Tomemos como exemplo o Quirguistão, onde os violentos confrontos causaram o deslocamento de dezenas de milhares de pessoas na cidade de Osh, ao sul do país, em junho deste ano. O CICV agiu assim que a violência começou, levando assistência aos doentes e feridos, água e alimentos para mais de 300 mil pessoas e tentando ter acesso às pessoas capturadas em conexão com os acontecimentos.

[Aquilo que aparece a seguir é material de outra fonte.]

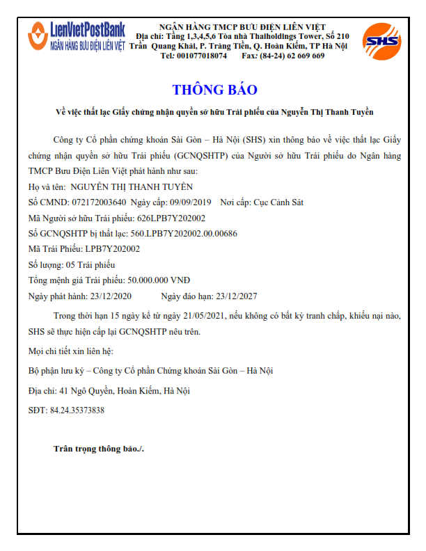 - Thông báo Về việc thất lạc Giấy chứng nhận quyền sở hữu Trái phiếu của Nguyễn Thị Thanh Tuyền - 21/05/2021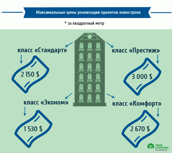По данным отдела «ТВОЯ СТОЛИЦА.НОВОСТРОЙЦЕНТР», максимальные цены реализации проектов новостроек составили для классов «Эконом» и «Стандарт» 1 530 $ и 2 150 $, для классов «Комфорт» и «Престиж» - 2 670 $ и 3 000 $ за квадратный метр.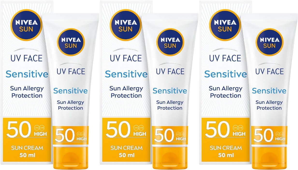 Nivea Sun Soothing Sensitive Face Cream SPF50 50ml X 3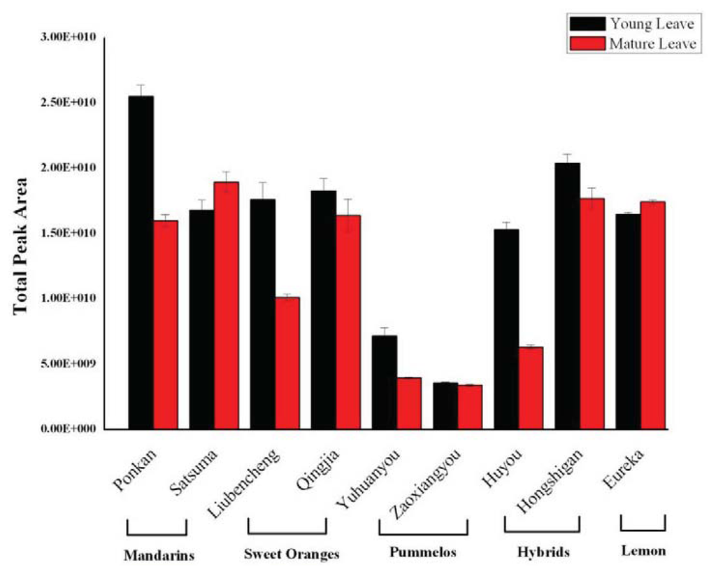 Differences in total amount of leaf volatiles, measured by GC-MS total ion current peak area, were observed between citrus types and, to a lesser extent, between cultivars, as well as between leaf developmental stage, especially in Ponkan, Liubencheng, Yuhuanyou and Huyou (Figure 1). The lowest amount of volatiles was found in either young or mature leaves of pomelos, and there was no marked difference between the other cultivars (Figure 1), except that, in general, young leaves produced higher amounts of volatiles than mature leaves (Figure 1).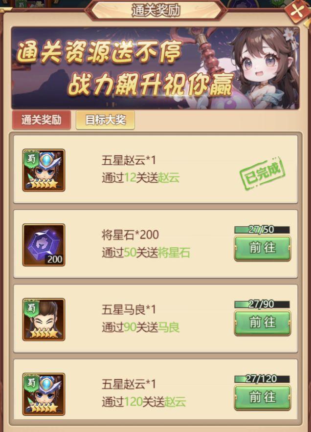 通关送五星赵云通关奖励送不停,战力飙升爽翻天!游戏中达成指定关卡后即可获得海量资源奖励,更有五星赵云、红品神装等着您,武将各显神通,策略搭配百战百胜!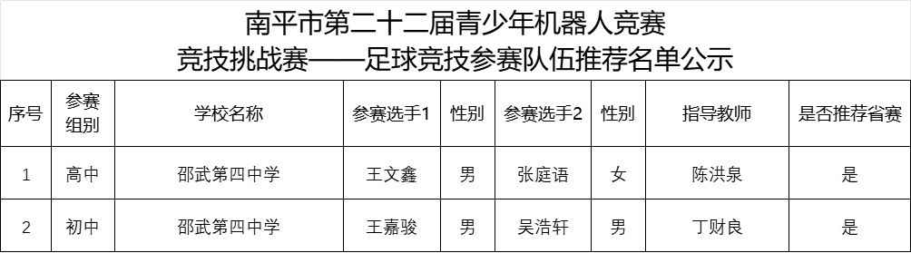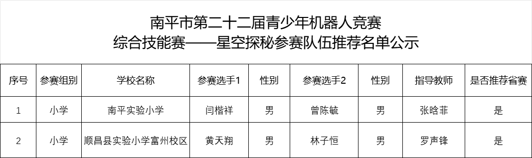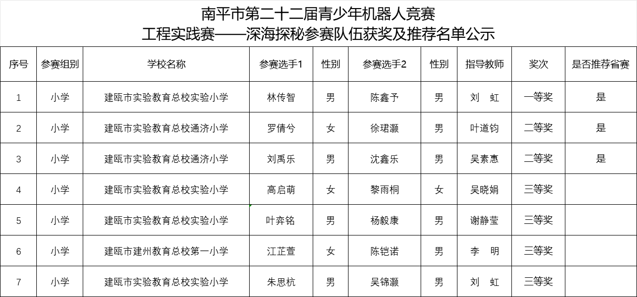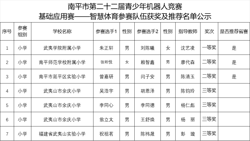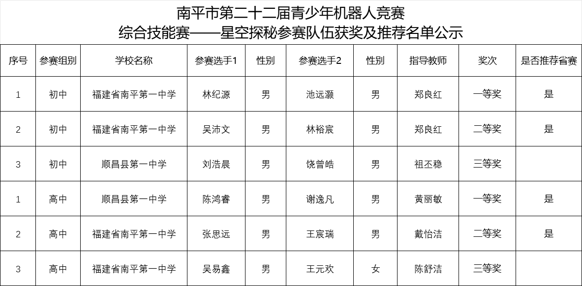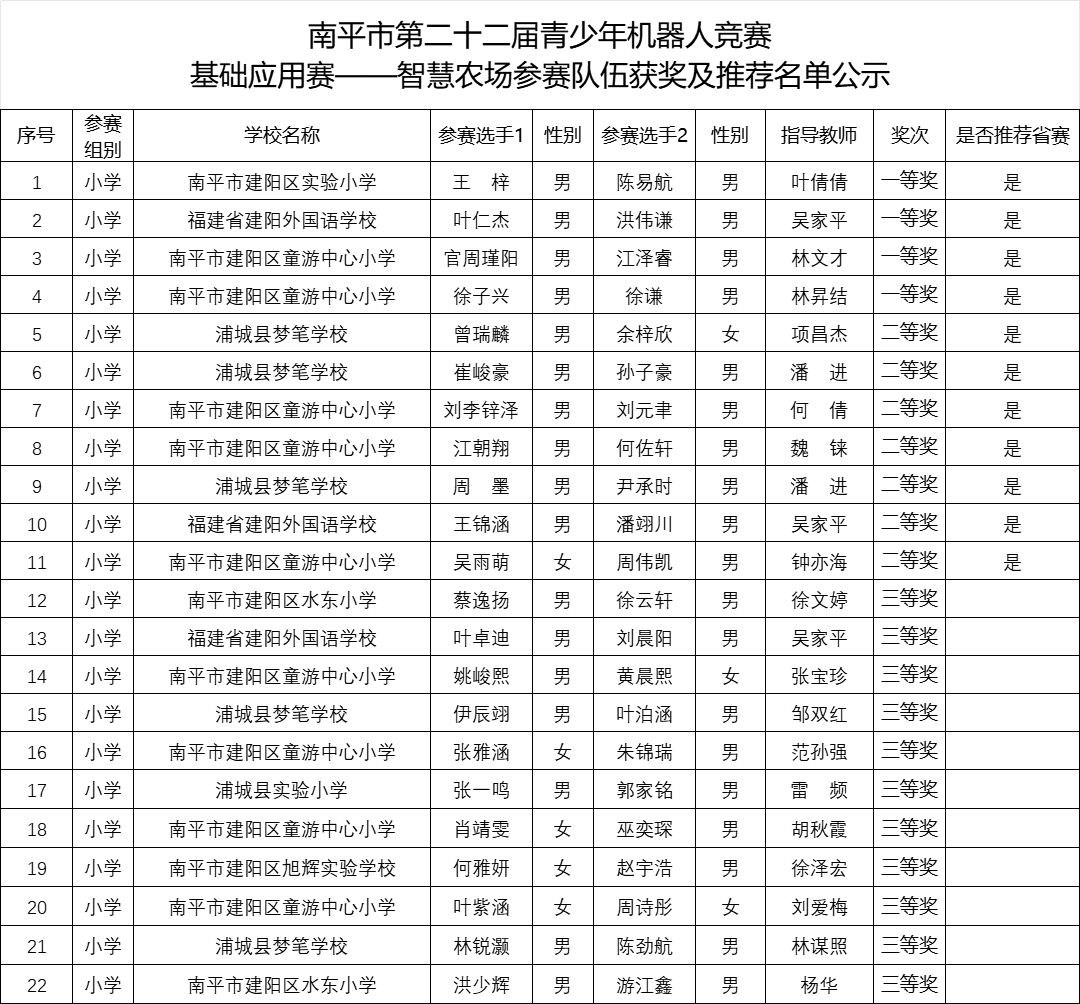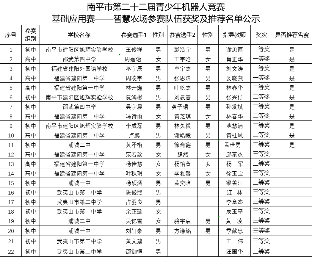 附件:南平市第二十二屆青少年機器人競賽獲獎及推薦省賽名單

Como exemplo de violência em contexto urbano, temos o Rio de Janeiro, onde o CICV, em parceria com a Cruz Vermelha Brasileira e outras instituições locais estatais e não estatais, realiza campanhas de promoção da saúde, presta apoio psicológico às pessoas traumatizadas pela violência e assiste as mães adolescentes e seus filhos nas comunidades carentes. Ao mesmo tempo, o CICV está tentando aum entar o respeito pela dignidade das pessoas por meio do diálogo com todos os envolvidos na violência.

     

  Em algumas áreas no mundo, tornou-se extremamente difícil para as organizações humanitárias trabalharem. Os profissionais de socorro são sequestrados ou são alvos deliberados. Ainda assim o senhor diz que o acesso do CICV às pessoas que precisam de ajuda melhorou. Como a organização consegue garantir que seus funcionários possam fazer seu trabalho?  

Nossa habilidade de trabalhar em áreas de conflito se baseia na construção da aceitação por parte de todos os envolvidos, em especial, dos portadores de armas. O CICV está determinado a dialogar com todas as partes. Também queremos demonstrar que nossas operações fazem uma verdadeira diferença para as pessoas. E temos de ser muito estritos e rigorosos para não tomar partido de ninguém. A neutralidade e a independência do CICV sempre foram sua marca registrada. Acreditamos que essa abordagem permitiu que tivéssemos acesso a muitas pessoas, o que, em outra situação, não aconteceria ao trabalhar em zonas de conflito muitas vezes polarizadas.

As parcerias com as Sociedades Nacionais da Cruz Vermelha e do Crescente Vermelho ou com as entidades locais são com frequência cruciais para nossas ações para chegar às pessoas que precisam de nossa ajuda, sobretudo em ambientes com segurança delicada. Na Somália ou no Iêmen, por exemplo, a cooperação com as respectivas Sociedades Nacionais do Crescente Vermelho nos permitiu proporcionar assistência médica e apoio aos meios de subsistência.

Conseguir progresso em um ambiente sensível, em última análise, depende de entender o contexto, mostrar curiosidade e criatividades na busca de soluções, evitar qualquer inclinação a julgar e dialogar de forma aberta – e crucial, quando necess ário – com as partes em conflito.